É muito difícil olhar para dentro de si e reconhecer que há feridas de rejeição, abandono, incompreensão, negligência, eventualmente até maus tratos e abusos. É dolorido perceber que estas feridas foram feitas pelas pessoas mais próximas: pais, parentes, pessoas que deveriam ter cuidado de nós, nos acolhido e protegido. No entanto, Jesus traz uma boa notícia quando afirma que “... Nada há, fora do homem que, entrando nele, o possa contaminar. Mas é o que sai dele que o contamina... Porque é do interior do coração dos homens que saem os maus pensamentos, os adultérios, as prostituições, os homicídios, os furtos, a avareza, as maldades, o engano, a lascívia, a inveja, a blasfêmia, a soberba, e a loucura. Todos estes males procedem de dentro, e contaminam o homem” (Mc 7.1-23).
Cristo nos afirma que este mal não precisa nos contaminar. Em primeiro lugar, não somos responsáveis pelo que o outro fez, mas apenas pelo que fazemos com o mal que nos fizeram. Podemos tentar fazer de conta que não existe, negar que tenha nos machucado, justificar aqueles que nos feriram e assumir a culpa deles. Neste caso, somos candidatos a doenças físicas, dor de estômago, enxaqueca e outros distúrbios que não passam de somatizações das emoções reprimidas. Ou nos tornamos extremamente perfeccionistas para garantir o reconhecimento do outro e tentar evitar novas agressões.
Outra alternativa destrutiva é abrigar este mal, remoêlo, perpetuá-lo, ou seja, alimentar a ferida para punir o outro ou para que tenham pena de nós. É a atitude do deficiente que acentua sua deformação para pedir dinheiro na rua. Podemos ainda revidar e, com isto, nos assemelhar justamente àquilo que repudiamos. Tornamo-nos pessoas amargas, críticas e agressivas. Nestas três hipóteses, o mal venceu, pois conseguiu nos contagiar. Nós nos machucamos e machucamos o outro a partir destas feridas não curadas. Desenvolvemos mecanismos de defesa e ataque que fazem de nós pessoas perigosas, como o terrorista que mata para vingar a morte de amigos e parentes.
Mas existe um caminho de cura que passa pelo reconhecimento da amplitude do mal e o perdão fundamentado na atitude de Jesus na cruz. Vencer o mal com o bem é resistir ao mal, recusar-se a deixar que ele tome conta do nosso coração, deforme nossa auto-imagem e nos leve a desistir de amar e ser amado. Deus nos capacita a digerir os pensamentos e as emoções que nos assaltam quando depositamos todas estas feridas aos pés da cruz. A vitória que Ele já conquistou também é nossa se escolhemos o bálsamo e o antídoto do seu amor.

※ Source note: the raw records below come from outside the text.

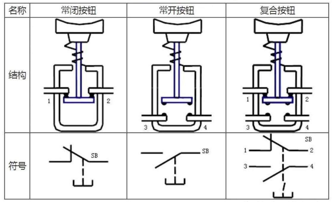 圖1所示的是一種按鈕的外形與剖面圖。按鈕的符號(hào)如表1所示。對(duì)于復(fù)合按鈕,將按鈕帽按下時(shí),下面一對(duì)原來(lái)斷開(kāi)的靜觸點(diǎn)被動(dòng)觸點(diǎn)接通,以接通某一控制電路;而上面一對(duì)靜觸點(diǎn)則被斷開(kāi),以斷開(kāi)另一控制電路??梢院?jiǎn)單總結(jié)起動(dòng)作過(guò)程:按下先斷“1”“2”后合“3”“4”,松開(kāi)先斷“3”“4”后合“1”“2”。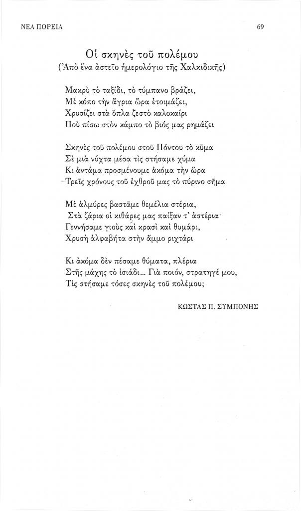 Συμπόνης Κώστας Π., «Οι σκηνές του πολέμου (Από ένα αστείο ημερολόγιο της Χαλκιδικής)», Νέα Πορεία, τόμ. 51, τχ. 599-601 (Ιανουάριος-Μάρτιος 2005), σ. 69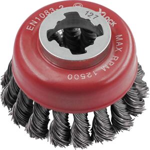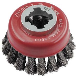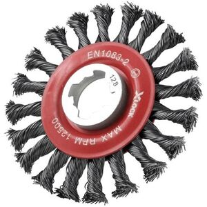 Faithfull X-LOCK Twist Knot Wire Brush for heavy-duty applications. Ideal for removing rust, paint and varnish. Use on stainless steel, aluminium and non-ferrous metal surfaces. Using standard wire brushes on stainless steel can contaminate and cause the material to rust. Featuring the X-LOCK quick change system, ensuring a fast, reliable and effective one click change between tools when used with a compatible angle grinder. Specifications: Wire Type: High Tensile Twisted Stainless Steel (304).Diameter: 75mm.Fitting: X-LOCK.Wire Size: 0.5mm.Max. RPM: 12500.Additional Information:• Diameter (mm): 75• Thread: M14• Wire: 0.50 Stainless Steel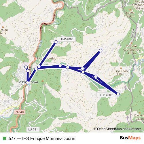 The first stop of the 577 bus route is Dodrín and the last stop is IES Enrique Muruais. 577 (IES Enrique Muruais-Dodrín) is operational during on weekdays.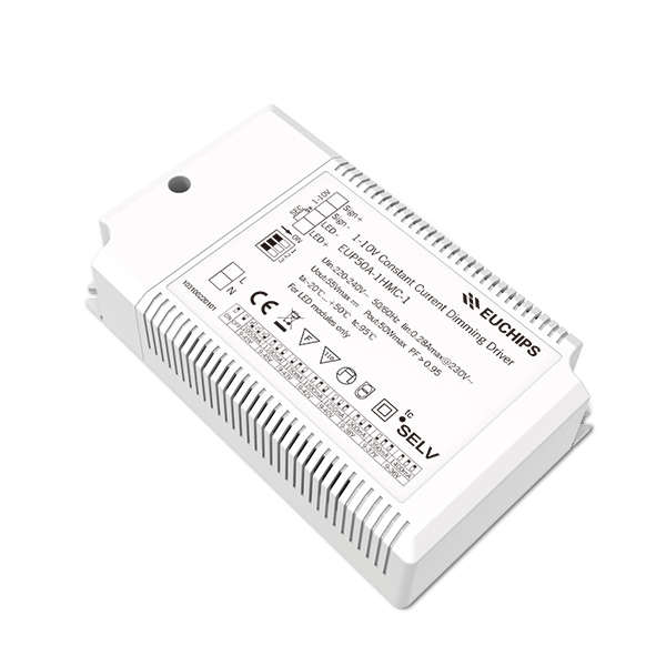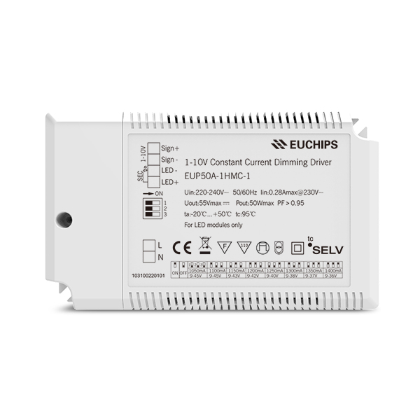 EUP50A-1HMC-1是一款可以提供1050/1100/1150/1200/1250/1300/1350/1400mA 8檔電流的恒流1-10v調(diào)光電源 。輸出電流可以通過DIP撥碼開關(guān)簡易設(shè)置,可以通過外部1-10V有源信號,可調(diào)電阻,PWM信號實現(xiàn)平滑調(diào)光;當不接外信號時,可作為常規(guī)電源使用。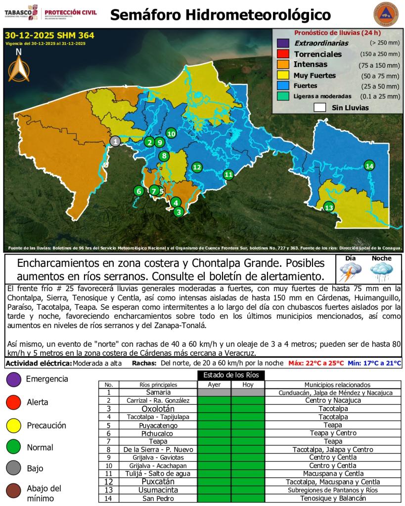 Semáforo Hidrometeorológico y Niveles de Ríos - 30/12/2025

É importante reconhecer no nosso íntimo a tentação de sucumbir ao mal, de deixar-nos abater e até destruir por ele. Somos tentados a desconfiar do amor de Deus por ter deixado acontecer aquele sofrimento. A vida nos parece absurda e perdemos o desejo de viver. Mas quando consideramos que até Cristo foi alvo da maldade humana e não fugiu, nem cedeu ao ódio, mas, pelo contrário, reafirmou o seu amor incondicional, somos encorajados a seguir suas pegadas e atravessar o vale da sombra da morte porque encontramos nEle esta fonte inesgotável de amor. Assim, levantamos a cabeça e nos dispomos a encarar a vida de peito aberto, com sua porção de sofrimento, mas também de alegria, de realizações, de presentes a serem desfrutados.

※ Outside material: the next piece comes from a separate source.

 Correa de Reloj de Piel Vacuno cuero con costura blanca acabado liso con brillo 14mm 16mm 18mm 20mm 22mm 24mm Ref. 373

Tive a oportunidade de acompanhar em terapia algumas mulheres que foram abusadas pelo pai na sua infância. Esta é talvez a ferida mais perversa e devastadora, pois ela priva a criança de vínculos essenciais para a sua existência. Ela é violentada justamente por aquele de quem esperava afeto e proteção. Perde também o suporte da mãe por medo de se abrir ou, pior, porque a mãe torna-se cúmplice através de seu silêncio e omissão. A criança tende a assumir a culpa pela atitude dos pais e se sente um lixo. Entrar em contato com esta ferida requer muita coragem, mas permite perdoar-se pelas tentativas equivocadas de lidar com a situação. Indo ao encontro desta criança envergonhada, cada mulher pôde reconciliar-se consigo mesma, resgatar a espontaneidade e criatividade perdidas, descortinar novos horizontes, amar e ser amada.
Isabelle Ludovico da Silva, psicóloga com especialização em Terapia Familiar Sistêmica.